## What you need to do
Could you transcribe exactly the lines below, from the line with "市人社局局长朱正、我院方新军" through the line with "Quayside, Porthleven is", and nothing else, leaving out the pictures?

## Data for this exercise
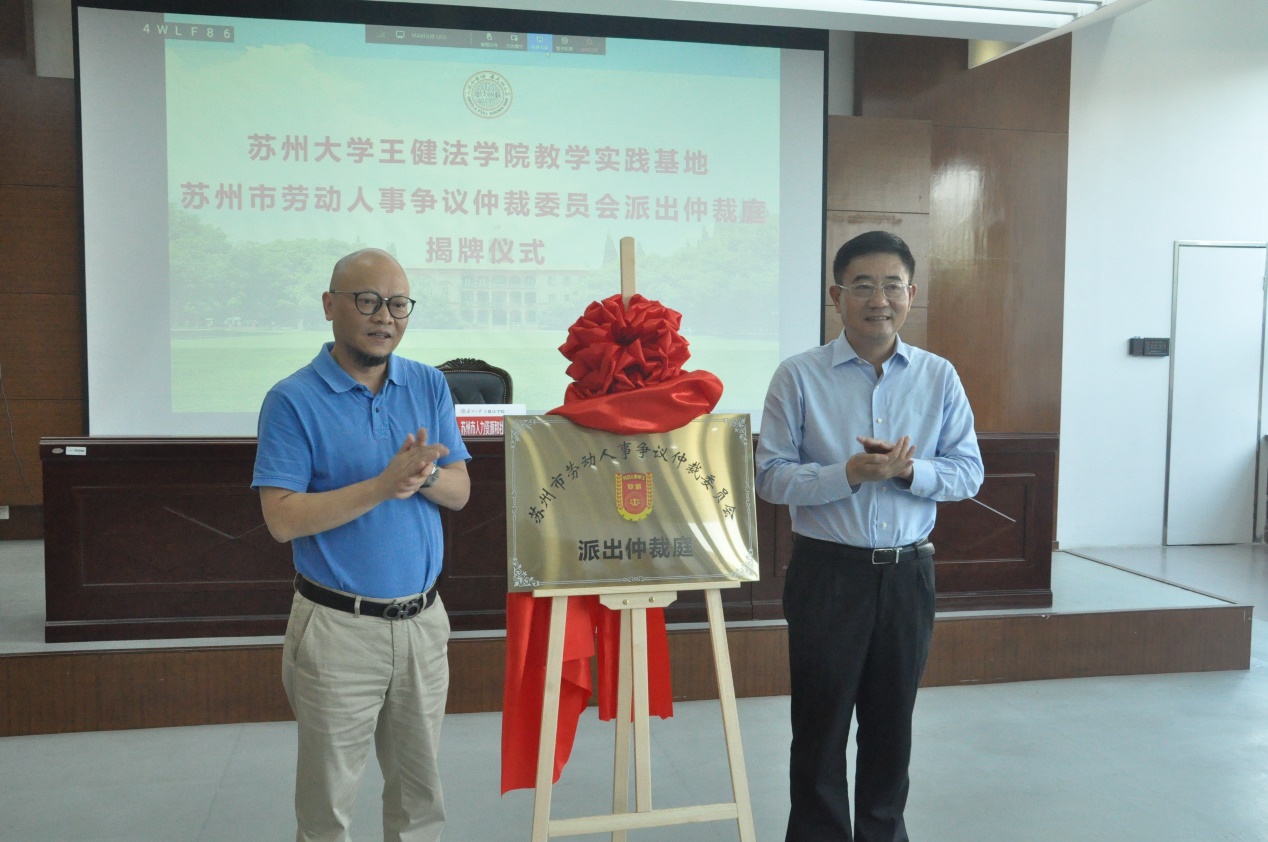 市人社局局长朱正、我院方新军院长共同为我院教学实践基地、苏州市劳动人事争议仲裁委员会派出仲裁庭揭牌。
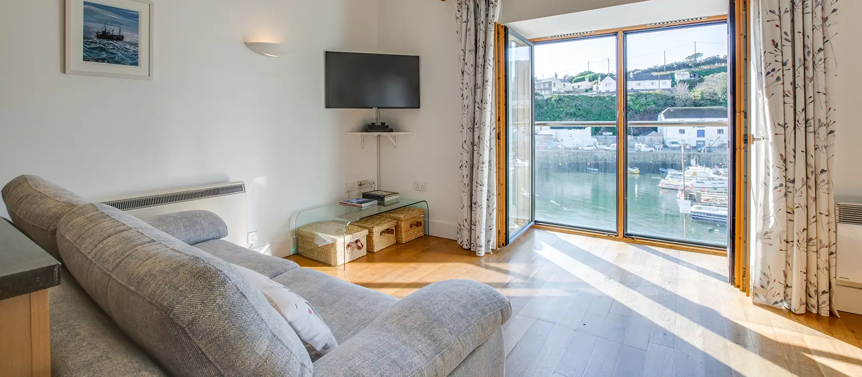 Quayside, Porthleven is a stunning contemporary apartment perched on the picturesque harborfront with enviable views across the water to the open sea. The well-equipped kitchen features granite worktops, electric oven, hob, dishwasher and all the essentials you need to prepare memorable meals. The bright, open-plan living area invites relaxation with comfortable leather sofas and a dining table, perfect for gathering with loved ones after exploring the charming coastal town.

* * *

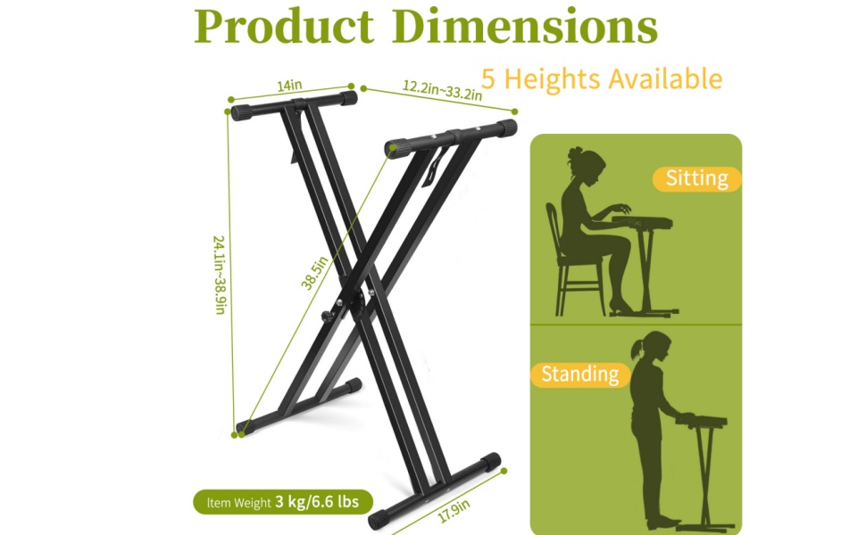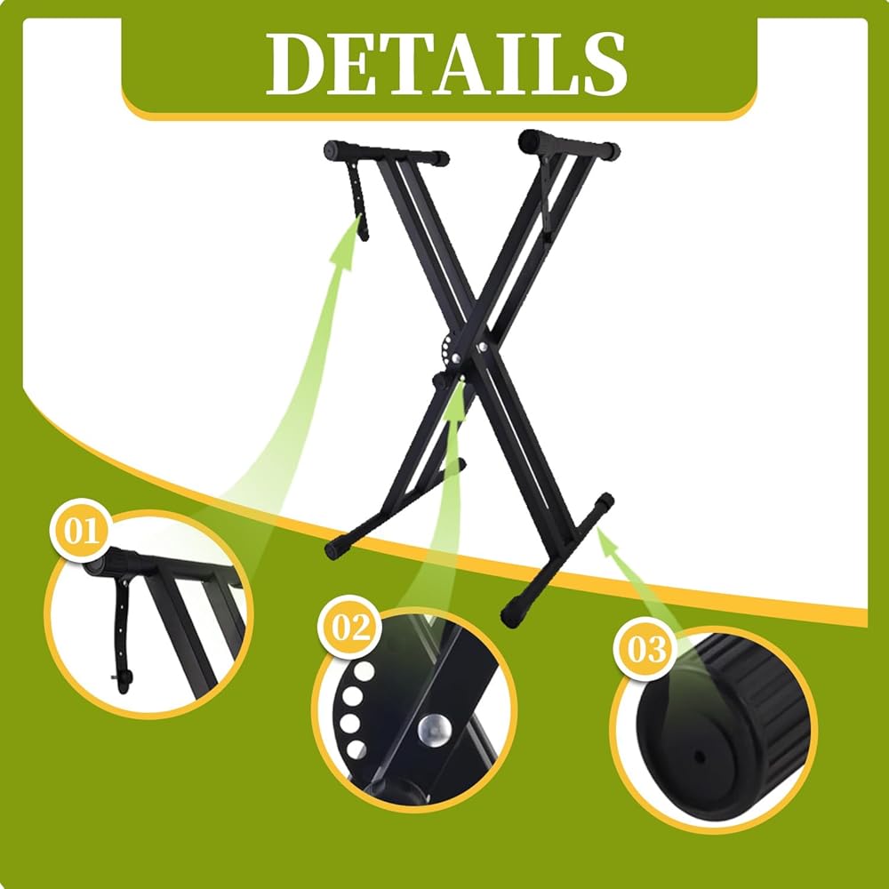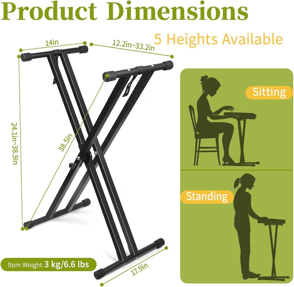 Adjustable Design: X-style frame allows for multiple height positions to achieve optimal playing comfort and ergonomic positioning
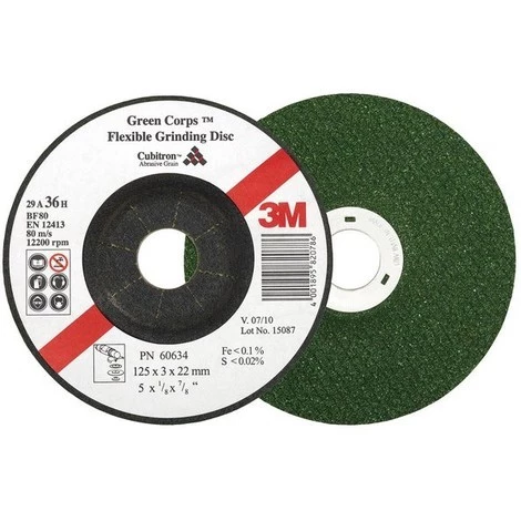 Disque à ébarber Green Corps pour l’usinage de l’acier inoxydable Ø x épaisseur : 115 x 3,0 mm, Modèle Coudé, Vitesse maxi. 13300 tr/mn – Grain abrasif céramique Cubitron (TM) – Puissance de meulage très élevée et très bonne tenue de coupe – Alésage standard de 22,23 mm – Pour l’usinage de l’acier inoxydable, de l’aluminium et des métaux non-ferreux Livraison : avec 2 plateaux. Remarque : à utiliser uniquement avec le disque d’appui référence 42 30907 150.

## Solution to the exercise
 市人社局局长朱正、我院方新军院长共同为我院教学实践基地、苏州市劳动人事争议仲裁委员会派出仲裁庭揭牌。
 Quayside, Porthleven is a stunning contemporary apartment perched on the picturesque harborfront with enviable views across the water to the open sea. The well-equipped kitchen features granite worktops, electric oven, hob, dishwasher and all the essentials you need to prepare memorable meals. The bright, open-plan living area invites relaxation with comfortable leather sofas and a dining table, perfect for gathering with loved ones after exploring the charming coastal town.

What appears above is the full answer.